Катрин упала на край кровати и усталой рукой сняла кисейный головной убор, совсем воздуюный, который сдавливал ей сейчас голову.

— Ты советуешь мне возглавить войско, банду, одной частью которого, конечно, будут двигать благородные намерения, а другая в этом приключении увидит возможность пограбить в Монсальви, богатства которого внушают зависть, не говоря уже о замке.

Сара быстрыми движениями расплела косы Катрин, принялась нежно массировать ей голову, потом все сильнее…

— Я советую тебе выспаться, отдохнуть и подумать. Со вчерашнего вечера у тебя не было на это времени. Конечно же, я не хочу, чтобы наш город стал приманкой для несдержанного аппетита. Я хочу, чтобы ты посмотрела правде в глаза и перестала все время представлять себя на месте твоего супруга. Тебе тоже надо научиться эгоизму. Это будет лучше для всех, ты несешь большую ответственность за людей, чем твой супруг.

— Ты права, — вздохнула Катрин. — Я буду спать. Утром, может быть, все встанет на свои места. Недаром говорят, что утро вечера мудренее.

Так вышло и на этот раз. Проснувшись утром от ласкового солнечного луча, упавшего ей на кончик носа, Катрин решила, что она не должна возвращаться домой на копьях соседей, так она рисковала лишиться дружбы и доверия жителей Монсальви.

Ее могли сопровождать только аббат Бернар, духовный наставник города, и сюзерен Арно Бернар д'Арманьяк, граф де Пардьяк и де Карлат, прозванный среди друзей Бернар‑младший. Они одни обладали законной властью. Когда наступило воскресенье и прибыли все приглашенные Рено де Рокморелем, за исключением бальи и госпожи де Ля Салль, госпожа де Монсальви после долгого обсуждения своего положения с Сарой, Готье, Жоссом и Матильдой приняла твердое решение. Она ясно высказала его, когда после мессы все собрались в большом зале Рокмореля, где в ожидании обеда были поданы горячие лепешки и вино на травах.

— Я никогда не смогу, мои сеньоры, передать вам ту признательность и волнение, которые я испытываю, видя вас в этом зале. Прежде всего, я нахожу в этом проявление столь драгоценной для меня вашей дружбы. Прежде чем я выскажусь по поводу предмета нашей встречи, я хочу сказать, что ни я, ни мои дети никогда не забудут ваш благородный порыв, и до последнего дня нашей жизни вы можете рассчитывать на нашу верную дружбу.

Она на минуту прервалась, чтобы остановить свой взгляд на каждом лице, молодом или старом, прекрасном или уродливом, так, чтобы каждый мог подумать, что она обращается к нему лично. Она давно утратила девичью наивность и знала хорошо власть своих фиалковых глаз в улыбки. Когда она посмотрела на Аршамбо де Ля Рока, он заметил:

— Госпожа Катрин, ваше вступление не слишком обнадеживает, хотя его и очень приятно слышать. Не следует ли из этого, что вы решили не возвращаться домой с помощью силы нашего оружия? Жаль. Мы все готовы умереть за вас, — галантно добавил он.
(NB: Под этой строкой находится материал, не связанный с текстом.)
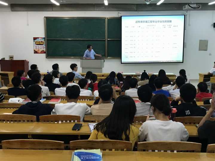 朱老师首先介绍了本校历届学子的考研、保研、出国和就业情况,并结合国家对于环境方面的发展战略勉励同学们要通过当下自己的努力选择好自己未来的发展方向,以实现共建绿水青山美好家园的共同理想。接着朱老师针对“为什么要考研、考研的流程、如何选择学校和导师、如何申报优秀大学生夏令营”等方面做了详细的讲解与建议。最后朱老师介绍了我校环境工程专业的现状,并激励同学们要努力奋斗,勇敢面对前方的困难与挫折。

Это был красивый мужчина тридцати пяти лет, такой же смуглый, как и Арно, на которого он был немного похож благодаря отдаленному родству. В его глазах орехового цвета была нежность и веселье, чего так не хватало сеньору де Монсальви. Несмотря на внушительные размеры, это был книжник, художник, и его элегантная внешность заметно выделялась на фоне других сеньоров. Катрин улыбнулась ему:

— Я сказала, как я взволнована, мессир Аршамбо. Не я сожалею, что наши друзья Рокморели поспешили призвать вас к оружию. Прежде чем принимать суровые и непоправимые меры, использовать оружие: шпагу, копье и топор, я думаю, надо исчерпать все другие безопасные пути. Я имею в виду уговоры, терпение и молитву…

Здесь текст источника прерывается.